La maratona di preghiera lanciata da Papa Francesco per unire i santuari mariani di tutto il mondo per la fine della pandemia è una forte iniziativa spirituale, ma anche un modo di ricordare la geopolitica del mondo cattolico

Durante l’udienza generale del 28 aprile 2021, Papa Francesco ha lanciato un’iniziativa spirituale forte e originale: “Guidati dai santuari sparsi nel mondo, in questo mese di maggio recitiamo il Rosario per invocare la fine della pandemia e la ripresa delle attività sociali e lavorative”. A maggio ci sono quindi 31 santuari mariani legati da un filo invisibile, che è quello della preghiera. Anche la storia del cristianesimo unisce questi luoghi sacri.
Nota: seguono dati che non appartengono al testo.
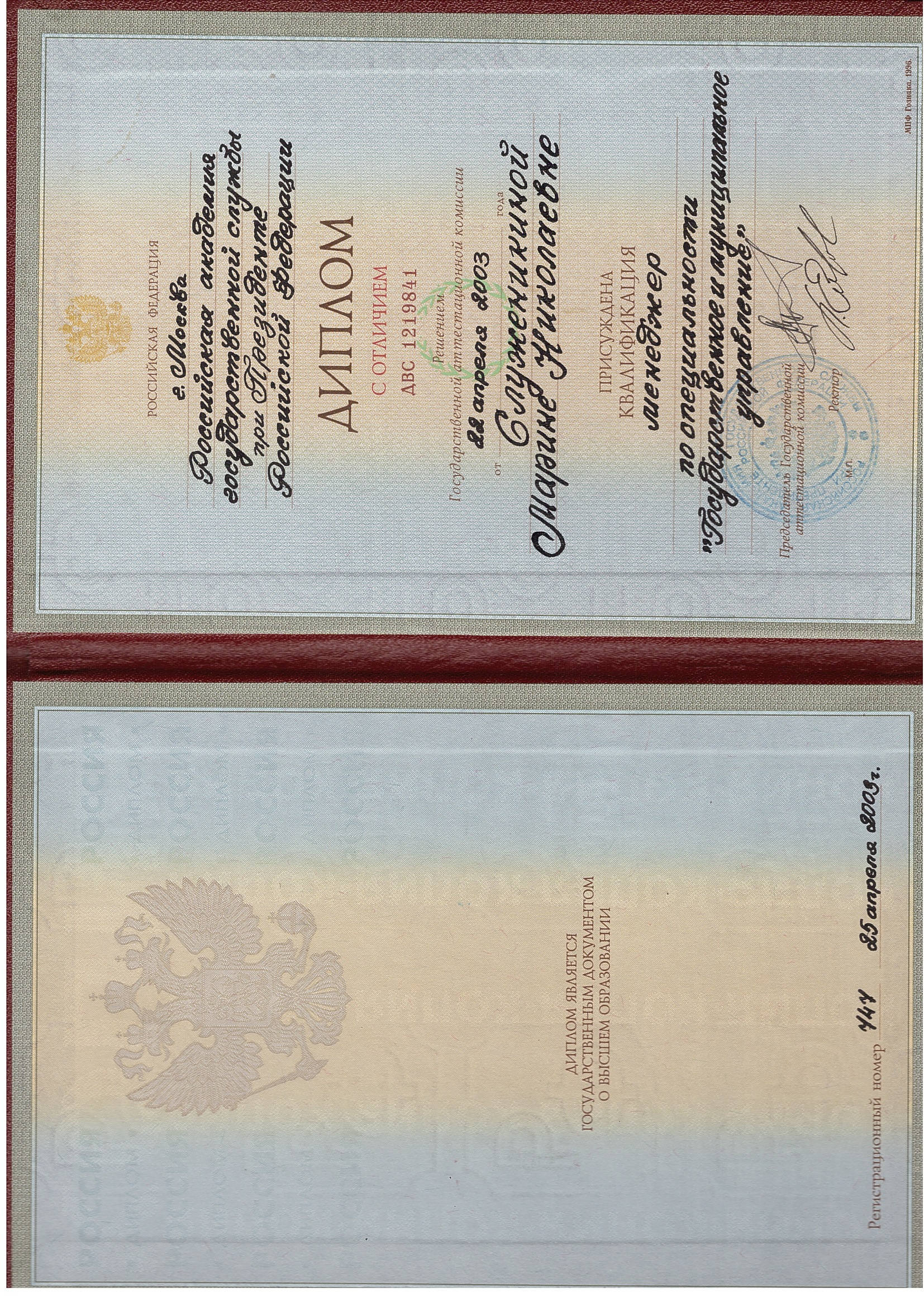 Российская академия государственной службы при Президенте РФ, факультет - государственное и муниципальное управление (Москва, Россия, 2003)

Quindici di questi santuari sono situati in Europa, sette in Asia, sei nel continente americano, due in Africa e uno in Oceania (in Australia). La maggior parte di questi santuari risale al XIX secolo, ma alcuni sono molto più antichi, come il Santuario di Nostra Signora di Walsingham, in Inghilterra, di epoca medievale, o quello di Efeso, che risale all’inizio dell’era cristiana.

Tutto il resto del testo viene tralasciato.